As part of your CAP, you provided training on the reporting of adverse events to your research staff and described a plan to monitor adverse events weekly with random audits. However, you failed to explain how you plan to ensure that SAEs are reported to the sponsor within the 24 hour or 3-day limits for the protocols in the studies above.
Your written response dated November 4, 2013, explains that all research staff are instructed to report adverse events to you and/or to one of the study coordinators as soon as possible. This response to the violations noted is inadequate because you do not explain how you will ensure that the adverse events are reported to the sponsor according to the investigational plan.

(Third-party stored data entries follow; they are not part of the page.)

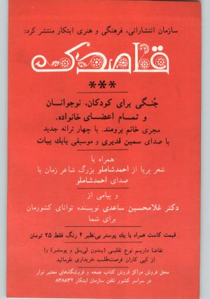 | مرکز پخش: تلفن ۸۳۸۸۳۲ (تهران) |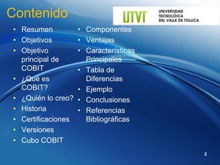 COBIT es una metodología aceptada mundialmente para el control de proyectos de tecnología de la información. Proporciona una guía de alto nivel para definir y evaluar los procesos relacionados con los sistemas de información de una organización. COBIT cubre cuatro dominios principales: planificación y organización, adquisición e implementación, soporte y servicios, y monitoreo.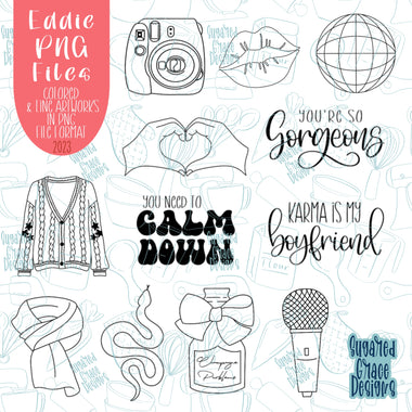 Hand Drawn Back To School PNG Image Set for Edible Ink Printers Including Eddie and line art for High Quality PYO Cookie Kits

Please explain the cause of the lack of timely reporting of SAEs and ensure that all SAEs have been appropriately documented. In addition, please provide a preventative action plan detailing how you will ensure the timely reporting of SAEs according to time frames specified in future studies. Also, please provide any new and/or revised SOPs/checklists to address the above violations.
2. Failure to maintain accurate, complete and current records regarding correspondence with the IRB [21 CFR 812.140 (a)(1)]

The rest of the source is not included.